The reachable objects may be marked and then the memory scanned for unmarked and thus unreachable objects to discard. In that case, a list of discarded objects must be maintained and fragmentation may be a problem.
Another strategy is to copy the reachable objects into another initially empty memory region. The pointers must be adjusted to reflect the new position of the copied objects. The initial memory region can then be freed for reuse. One advantage of this method is that it avoids fragmentation and may increase reference locality. The disadvantage is that objects are moved and pointers must be adjusted. Furthermore, addresses cannot be used as immutable object identifiers, for example as hash code in tables. Extra memory is also consumed while copying objects to the new memory region.
It is possible however to have several memory regions, each containing successively older objects. In most cases, new objects have a greater probability of being discarded quickly and the region containing new objects should be collected more often.

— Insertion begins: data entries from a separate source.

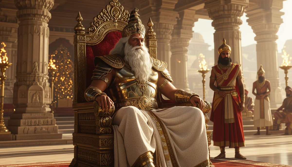 This image shows a regal scene with Bhishma Pitamah on a throne in Hastinapur's court. Crown Princes Pandu and Dhritarashtra are present, alongside Vidur and Guru Dronacharya, in a photorealistic digital rendering.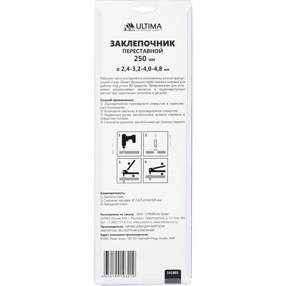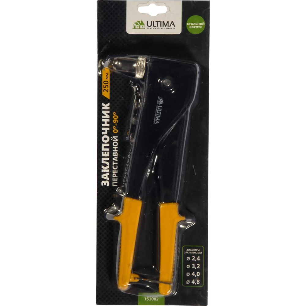 Купить Заклепочник ULTIMA 250 мм, переставной 0-90 градусов, заклепки 2.4-4.8 мм 151003 по лучшей цене с доставкой - интернет магазин №1 в России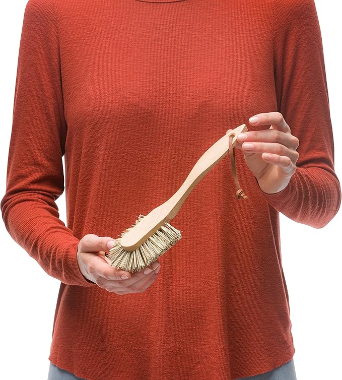 Redecker Extra Long Curved Dish Brush, Extra Strong Union Fiber Bristles, Oiled Beechwood Handle, 10-1/2 Inches, Made in Germany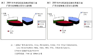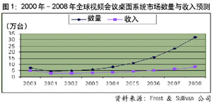 2002年年初,在IDC預(yù)測的本年度IT業(yè)界熱點技術(shù)中,視頻會議技術(shù)位居前列。而根據(jù)通信專業(yè)領(lǐng)域著名獨(dú)立研究機(jī)構(gòu)Wainhouse 的一份調(diào)查報告,2001年全球視頻通信領(lǐng)域僅設(shè)備市場,容量就達(dá)到近6億美元,占整個視頻會議市場52%的份額。Wainhouse還指出,2002年是視頻會議領(lǐng)域發(fā)展極為迅猛的一年,估計到2006年,整個視頻會議市場的市場容量將達(dá)到29億美元,比2001年增長20.4%。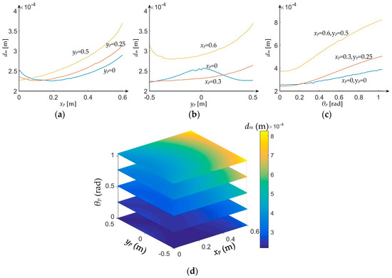 dm with the different workpiece poses p: (a) The curves of dm change with xp when θp = 0 and yp = 0 m, 0.25 m, and 0.5 m; (b) the curves of dm change with yp when θp = 0 and xp = 0 m, 0.3 m, and 0.6 m; and (c) the curves of dm change θp when [xp, yp] = [0,0] m, [0.3, 0.25] m, and [0.6, 0.5] m. (d) The variation of dm in the xpyp plane when θp is equal to 0, π/12 rad, π/6 rad, and π/3 rad.

Garbage collection is mandated to prevent memory corruption errors. It also simplifies the decoupling between libraries and applications; there is no debate about which of the calling program or the library allocates and discards the objects used to return results. It also relieves the programmer of memory management tasks such as keeping track of how many Window objects reference a Color object to know when the Color object may be discarded.
The price to pay for this may be increased memory consumption, although traditional dynamic memory allocation routines have a similar overhead. More important is the garbage collecting time, which is usually larger than the traditional dynamic allocation time. While this overhead in the past was measured around 10 to 20%, recent implementations claim an almost negligible overhead, possibly below 5%. Nevertheless, this time overhead may be concentrated and disrupt the execution. An interactive application, for instance, may stop for garbage collection for 5 seconds every few minutes. Fortunately, incremental garbage collectors have been developed and require more frequent but much shorter collections.
Run time type identification is not available in most classical structured languages. Its inclusion is being debated for C++ but is not yet available in most C++ compilers. The cost of run time type identification is fairly minor. Indeed, each dynamically allocated object already stores its size and may also store a method table. Objects may instead store a pointer to a type descriptor. This type descriptor, shared by all objects of a given type, then stores the size, method table, and possibly information about parent classes and fields (in particular pointers to follow during garbage collections).
The benefits of tagging each object with its type are numerous. It enables garbage collection, support for writing and reading objects from files and allows checking the type of objects at run time, whenever appropriate.